Bioinformatics Algorithms: An Active Learning Approach

Chapter 11: Was T. rex Really a Big Chicken?

Why do we include only masses of prefix and suffix subpeptides in the ideal spectrum of a peptide (e.g., RED or DCA for REDCA)? Why don't we include masses of other subpeptides (like EDC)?

Internal subpeptides like EDC of REDCA require two bonds (before E and after C) to be broken to generate the fragment ion.
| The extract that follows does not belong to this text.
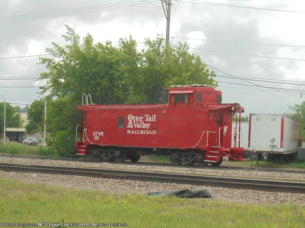 Coupled between freight cars is the Otter Tail Valley RR caboose #101 (ex-ATSF 999196, nee-ATSF 545). Eric Berg took the photo while the caboose sat in the OTVR yard.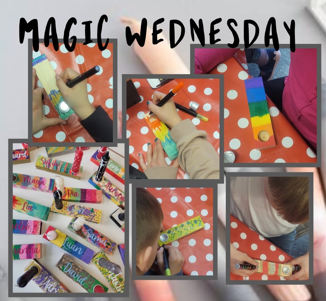 Knapp 26 Kinder waren dabei und durften wunderschöne Kerzenhalter gestalten. Das Highlight waren die geplotteten Namen, die jedes Kind am Ende anbringen durfte. Mit einem alkoholfreien Cocktail und einem Apfelsnack, wurde der dieswöchige Magic Wednesday beendet. Das Ganztagsteam freu sich schon auf den nächsten Mittwoch."

In contrast, prefix and suffix subpeptides require only one bond to be broken. As a result, although internal subpeptides correspond to some fragment ions, we ignore them because they are much less common than the fragment ions generated by prefix and suffix subpeptides.

How do we infer the charges of annotated peaks in a spectrum?

For example, how did we annotate the tall peak y12++ as having charge +2 in the figure below (one of the annotations of DinosaurSpectrum)?

As described in the main text, mass spectrometers measure the mass-to-charge ratio rather than the mass of fragment ions. Thus, a peak in a spectrum with a given mass-to-charge ratio m/z gives rise to various masses depending on its (unknown) charge z. If one of the resulting masses matches a mass in the theoretical spectrum, we may infer that the peak has charge z.

How does the use of rounded (integer) masses of amino acids diminish our ability to accurately sequence peptides?

Although we rounded amino acid masses to integers to simplify the presentation, proteomics researchers do not round masses when attempting to interpret spectra. For example, amino acids K and Q have different molecular composition (C₆H₁₂ON₂ versus C₅H₈O₂N₂), and they have different monoisotopic masses (128.09497 Da versus 128.05858 Da), but their integer masses are the same. Since modern mass spectrometers are very accurate, they can detect differences in masses of up to 0.01 Da in order to distinguish K and Q.

Why do the heights of some peaks in DinosaurSpectrum correlate so poorly with the corresponding amplitudes in the spectral vector?

DinosaurSpectrum is reproduced below (top), along with its spectral vector (bottom).

The transformation of a spectrum into a spectral vector is a complex process that takes into account many factors in addition to the heights of peaks. For details of this transformation, see Kim et al., 2008..

If we know the proteome, isn’t it always better to use peptide identification instead of peptide sequencing?

If a spectrum that we analyze originated from a peptide in a proteome, then it makes sense to apply peptide identification via database search and to identify this peptide. However, our knowledge of the proteomes remains incomplete even in the case of a well-studied human proteome. Biologists therefore sometimes use de novo peptide sequencing to discover peptides that do not appear in the currently known (still incomplete) proteome.

Why do we generate the decoy database by assuming that all amino acids have the same frequency (1/20), despite the fact that many proteomes have widely varying amino acid frequencies?

In practice, proteomics researchers do typically generate decoy databases by taking into account amino acid frequencies in the proteome under study. This is often achieved by randomly shuffling the amino acids in real proteins to generate a decoy database.

What is the running time of the dynamic programming algorithm for computing the size of a spectral dictionary?

The algorithm for computing |Dictionary_threshold(Spectrum)| amounts to filling up the N*M table Size(i, t), where N is the maximum score among all peptides against Spectrum and M is the parent mass of Spectrum. To fill in each element of this table, we need to consider all possible amino acids and apply the equation for Size(i, t) from the section "Spectral Dictionaries".